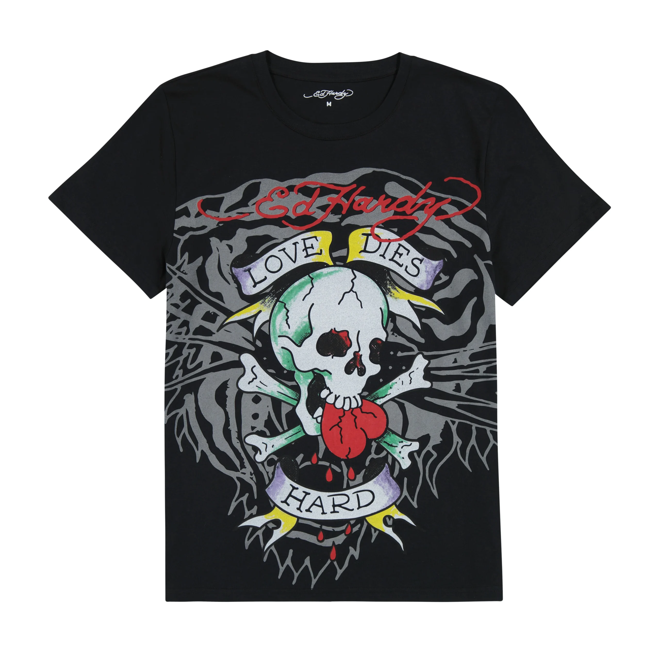 This t-shirt is cut in a regular fit and constructed from a soft cotton blend. Complete with an Ed Hardy Love Skull graphic and two archival blue logos.
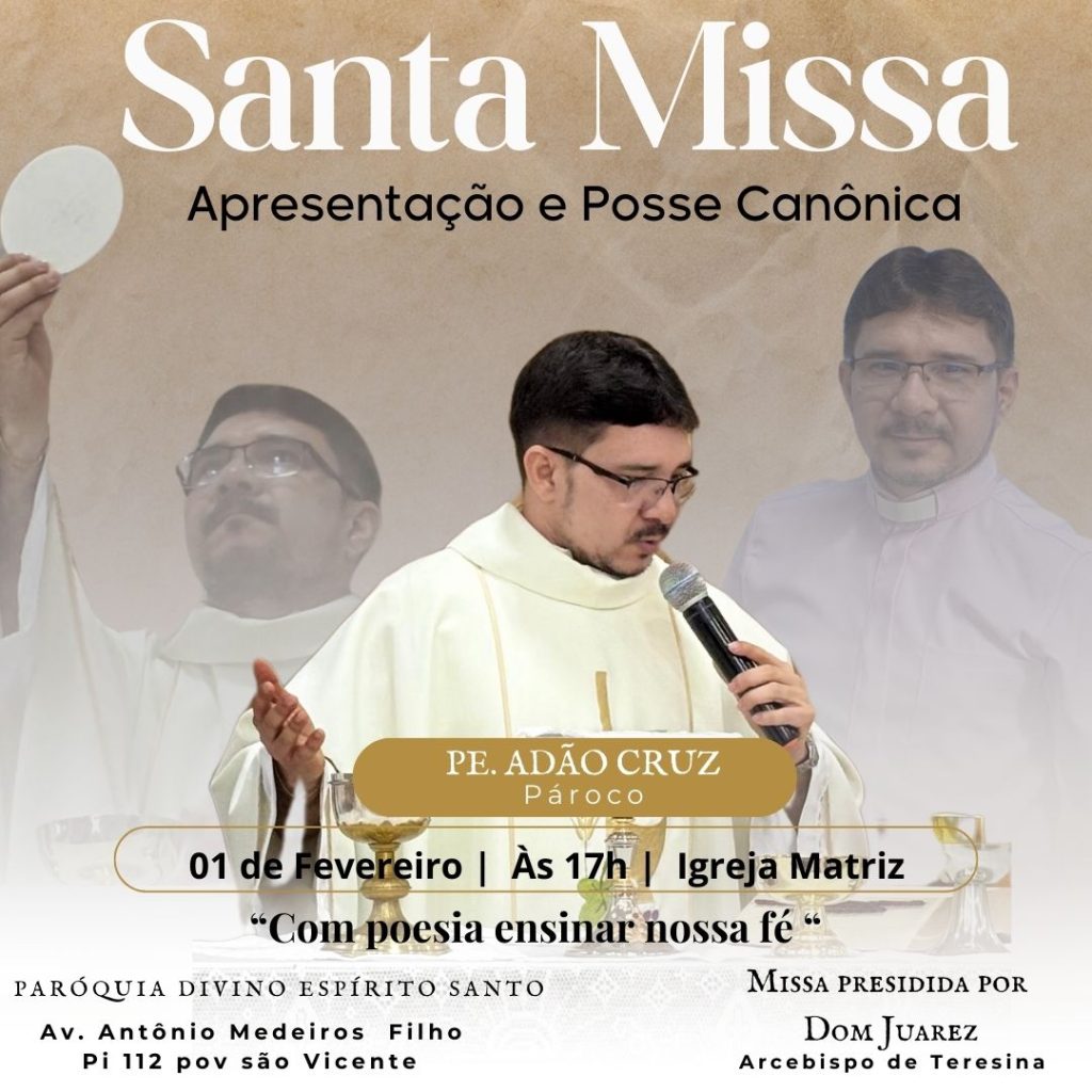 No dia 19 de janeiro, a Paróquia Santa Teresinha, localizada no Dirceu II, realizará a Missa da Gratidão em homenagem ao encerramento das atividades pastorais do Padre Adão Cruz. O evento será dividido em dois momentos: às 17h, na Comunidade São José, e às 19h, na Igreja Matriz. Esta celebração será uma oportunidade para os fiéis demonstrarem reconhecimento e gratidão pelo trabalho dedicado do sacerdote ao longo de sua missão na paróquia.
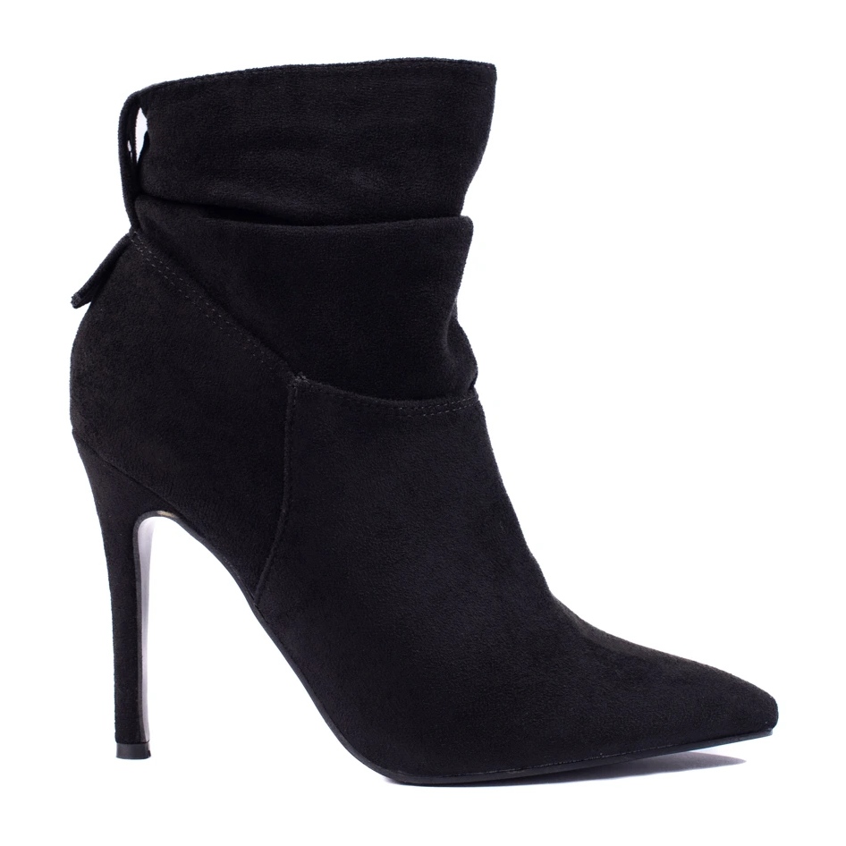 Les bottes classiques de W. Potocki combinent l'élégance avec une ligne de broches femelle. Fabriqué en daim écologique de haute qualité en noir profond, idéal pour les sorties du soir, les célébrations et les réunions élégantes en automne / hiver.
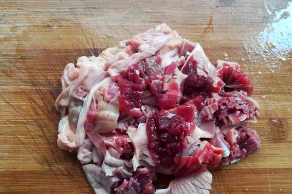 第二步:雞胗切花刀,切成小塊,不要切太小,焯水以後會縮小。
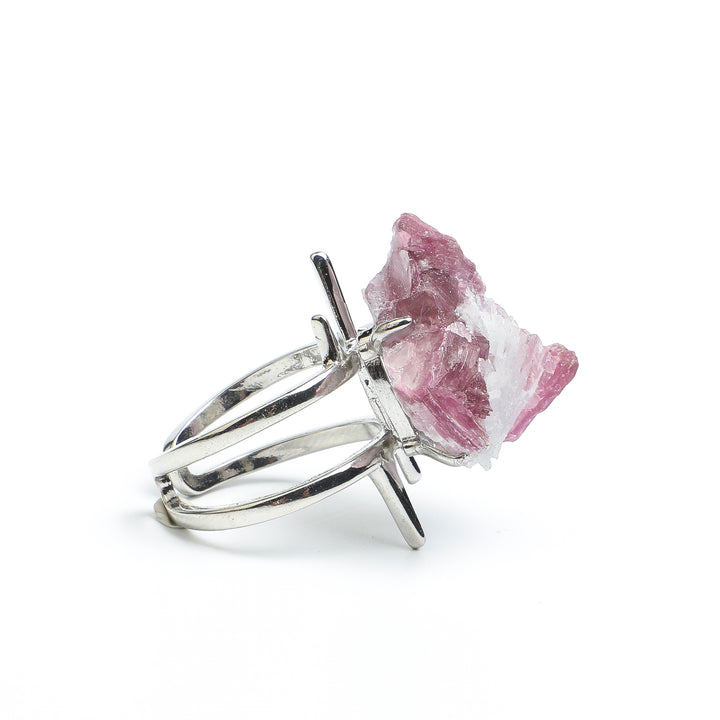 ARTLUMINNA uncovered this pink-and-white crystal cluster from Argentine deposits, where soft pink crystals blend with rugged forms, echoing the wild bloom of tundra flowers. Under light, it radiates a rosy mist and contrasts with edgy silver spikes. Structured with silver spike architecture, the raw tension of the specimen is fully preserved, as if wearing the metamorphic memory of sedimentary rock. After numerous structural revisions, this piece converts geological dynamism into a symbol of breakthrough, empowering the wearer’s pioneering spirit on entrepreneurial journeys.
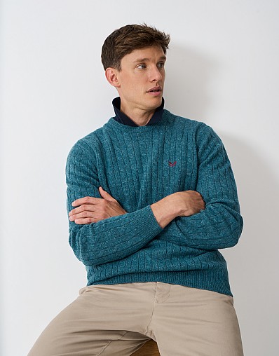Lambs Wool Cable Knit Crew Neck Jumper in Blue Marl
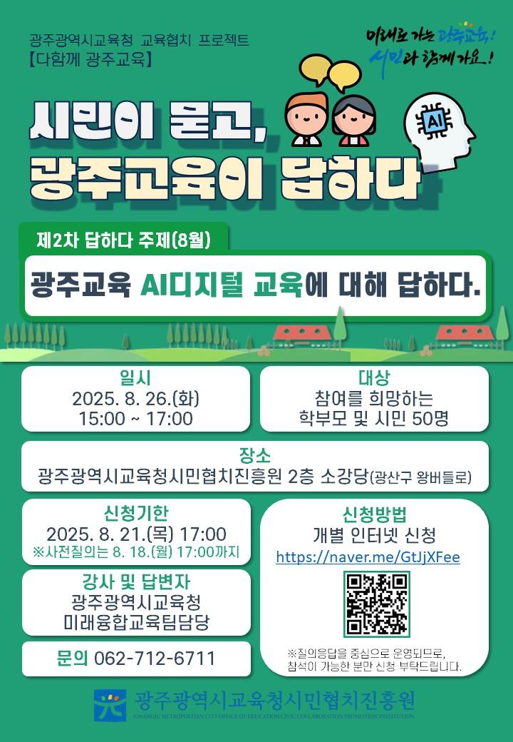 À̹ø Çà»ç´Â ¡®±¤ÁÖ±³À° AI µðÁöÅÐ ±³À°¿¡ ´ëÇØ ´äÇÏ´Ù¡¯¸¦ ÁÖÁ¦·Î ½Ã±³À°Ã» ¹Ì·¡±³À°±âȹ°ú ¹Ì·¡À¶ÇÕ±³À°ÆÀ ÀåÇаü, ÀåÇл簡 µðÁöÅÐ ±³À° °ü·Ã Á¤Ã¥À» ¼³¸íÇÏ°í ½Ã¹ÎµéÀÇ ±Ã±ÝÁõÀ» ÇØ¼ÒÇÑ´Ù.
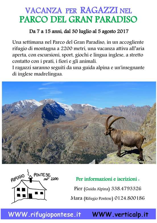 Una settimana nel Parco del Gran Paradiso, in un accogliente rifugio di montagna a 2200 metri, una vacanza attiva all'aria aperta, con escursioni, sport, giochi e lingua inglese, a stretto contatto con i prati, i fiori e gli animali.
————
▶ **ABOUT THIS TASK**
Transcribe exactly the lines above, beginning at the one with "Les bottes classiques" and going up to and including the one with "第二步:雞胗切花刀,切成小塊,不要切太小,焯水以後會縮小。". Pictures do not belong in the copy.

▶ **PROBLEM SOLUTION**
 Les bottes classiques de W. Potocki combinent l'élégance avec une ligne de broches femelle. Fabriqué en daim écologique de haute qualité en noir profond, idéal pour les sorties du soir, les célébrations et les réunions élégantes en automne / hiver.
 第二步:雞胗切花刀,切成小塊,不要切太小,焯水以後會縮小。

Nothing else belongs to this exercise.